第1話 春、愛と情熱のアロハ(8)
高峰枝実利の祖父母は見合い結婚だった。
昔はほとんどの夫婦が、相手を誰かから紹介されて一緒になったそうだ。
時はちょうど戦後。
敗戦の混乱を二人で乗り切り、高度経済成長の中、たくさんの子をもうけた。
家計は決して楽ではなかったが、笑顔絶えない団欒があった。
核家族化がすすむ社会の中で、時と共に子らはひとりだちし、一家はまた二人っきりのちいさな家庭にもどる。
それぞれの地で新しい家族をつくりあげた子供たちも、盆正月に帰郷してはつかの間のにぎやかさを楽しんだ。
そのうち、一つの家族に不幸があった。
父母が時を同じくして戻らぬ人となった。
そして祖父母は、彼らののこした二人の子をひきとった。
高峰枝実利と、その姉だ。
四人の生活はぎこちなくはじまり、徐々に円滑さを増した。
大きな不幸をのりこえ、夫婦と孫二人はやがてみちたりた家族となった。
年老いた二人は彼女たちの成長を毎日楽しみ、孫たちは思春期をむかえ、愛情深い祖父母に感謝しながら大きくなった。
「それを言葉に出して言う事はなかったけれど、彼女たちは大事にしてくれたお祖父ちゃんお祖母ちゃんを、同じように大切に思っていたそうです」
そんな中、祖母もまた帰らぬ人となった。
通っていた病院でインフルエンザに感染し、肺炎を併発、それから幾日も立たないうちに息をひきとった。

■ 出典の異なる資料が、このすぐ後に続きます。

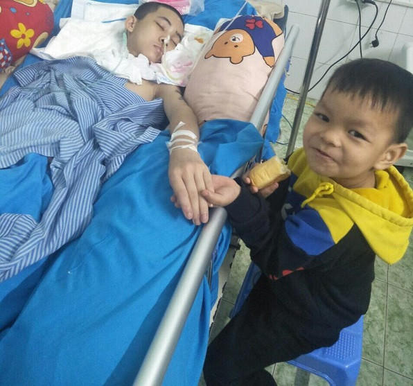 "Thời gian đầu Long điều trị ở bệnh viện tư, mỗi ngày cũng hết 5-10 triệu, tuỳ theo diễn biến và phác đồ thay đổi. Tôi vừa làm thủ tục chuyển cháu lên bệnh viện tỉnh để hưởng bảo hiểm. Bác sĩ nói chấn thương của cháu rất nặng, cần phải điều trị lâu dài và tốn kém. Nợ cũ còn chưa trả hết... ", anh nghẹn lời. Nước mắt lăn xuống gò má đen sạm của người cha khốn khổ.

一家は悲しみにくれたが、平穏な日々の中で心痛もやわらぎ、しだいに明るさをとりもどした。
やがて姉が大学にすすみ、卒業して就職し、家をでた。
その頃、祖父に異変がおきた。
「彼女、高峰枝実利さんを、お祖母ちゃんだと思うようになったらしいんです」
最初はただの呼びまちがいかと思った。
訂正すれば、おおそうか、と照れて笑っていたから。
だが、その頻度がだんだんひどくなった。
それだけではない。自分でも気づかないうちによだれをたらし、尿を漏らし、夜中に徘徊する。
身におぼえのない怪我をつくってくる。
高峰枝実利は祖父を医者に連れて行った。
最初の診断結果は見るまでもない。
老人性アルツハイマー型認知症。
そしてもう一つ、予期していなかったものがあった。
肺がんだ。
病巣は深く大きくほうぼうに転移していて、すでに摘出できない状態になっていた。
「今、お祖父さんはほとんど寝たきりで過ごしているそうです。そして時々高峰枝実利さんを、サエコさん、と呼ぶのだそうです。そうです、サエコは彼女のお祖母ちゃんの名です」
今、高峰枝実利は献身的に祖父を介護し、そして学校の勉強もとどこおりなく収めている。
ヤングケアラーというやつだ。
はなれて住んでいる姉も週末ごとには帰ってきてくれるというのだが、それでも一人でなんとかなるというものではない。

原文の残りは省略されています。